*Exercise directions*. A faithful copy is needed of the lines below from the one with "Blechschild ''Life ist" up to and including the one with "- Mechanical disruption: Ice"; set it down with no pictures and no other lines.
╭─ Records provided
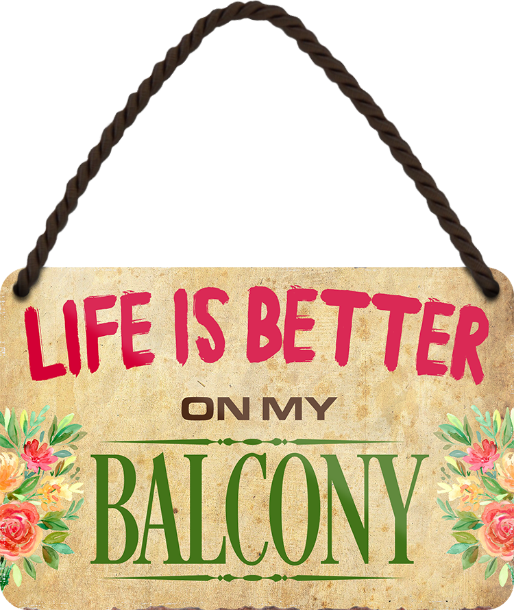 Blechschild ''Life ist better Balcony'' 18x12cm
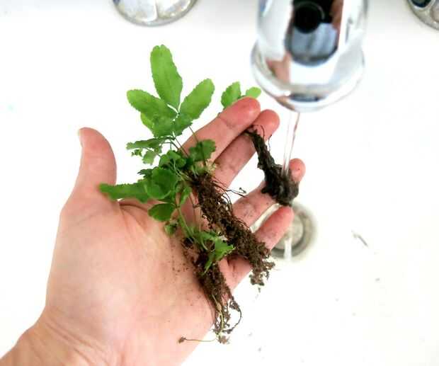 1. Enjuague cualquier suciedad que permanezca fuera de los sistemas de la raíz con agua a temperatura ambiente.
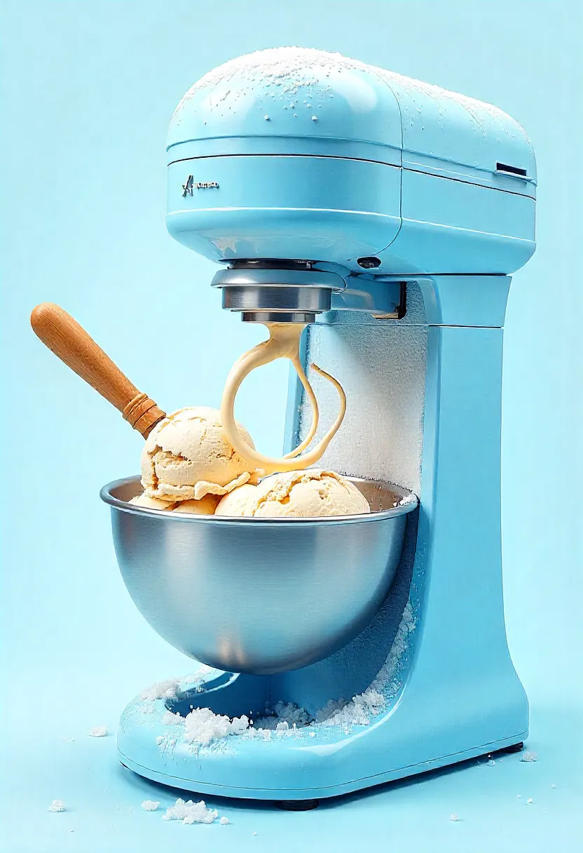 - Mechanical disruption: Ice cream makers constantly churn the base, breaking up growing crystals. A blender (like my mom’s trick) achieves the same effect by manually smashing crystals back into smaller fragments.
╰─
╭─ Records provided
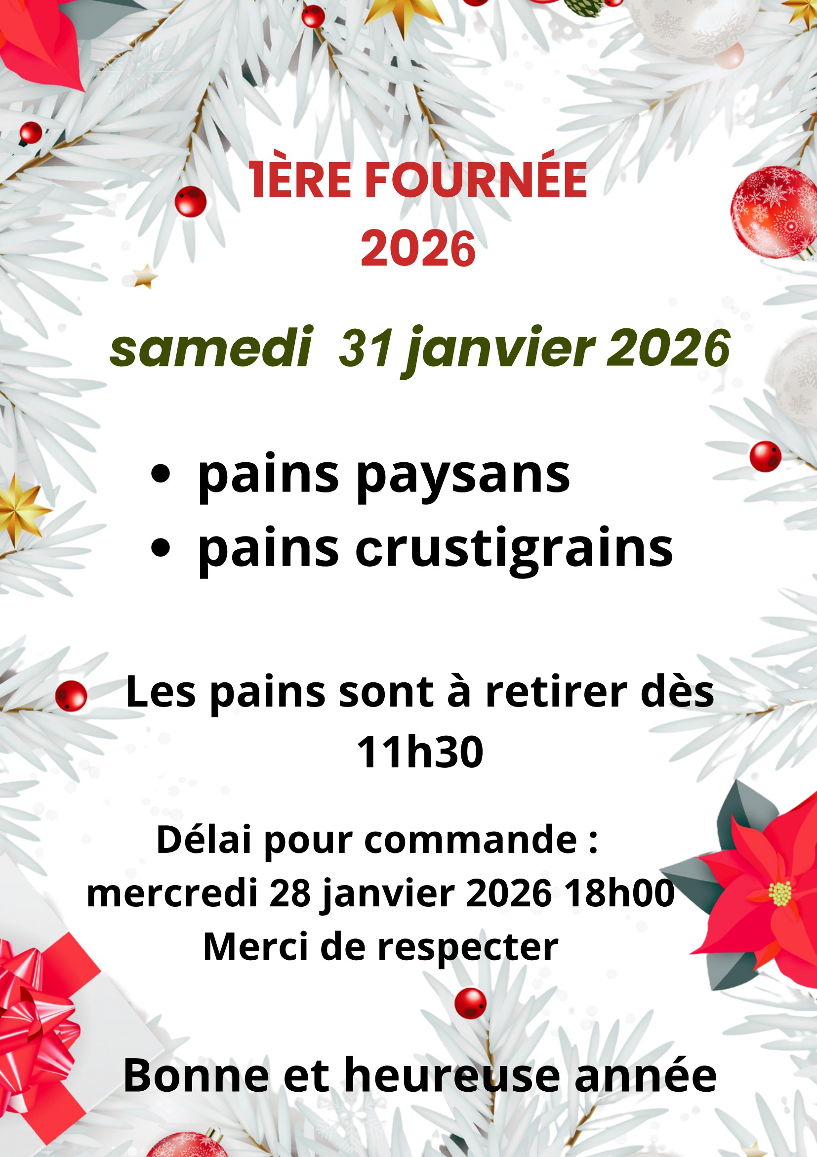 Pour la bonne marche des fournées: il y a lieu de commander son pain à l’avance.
╰─
╭─ Records provided
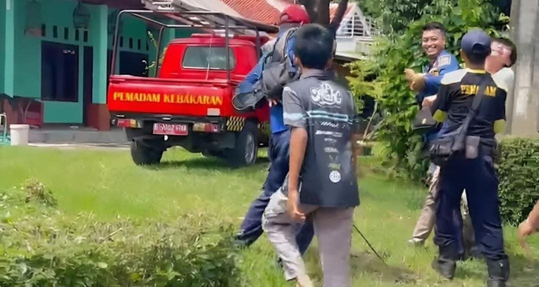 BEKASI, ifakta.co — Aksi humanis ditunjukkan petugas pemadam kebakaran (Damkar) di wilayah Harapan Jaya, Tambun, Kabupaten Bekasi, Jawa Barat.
╰─
*Result of the exercise*.
 Blechschild ''Life ist better Balcony'' 18x12cm
 1. Enjuague cualquier suciedad que permanezca fuera de los sistemas de la raíz con agua a temperatura ambiente.
 - Mechanical disruption: Ice cream makers constantly churn the base, breaking up growing crystals. A blender (like my mom’s trick) achieves the same effect by manually smashing crystals back into smaller fragments.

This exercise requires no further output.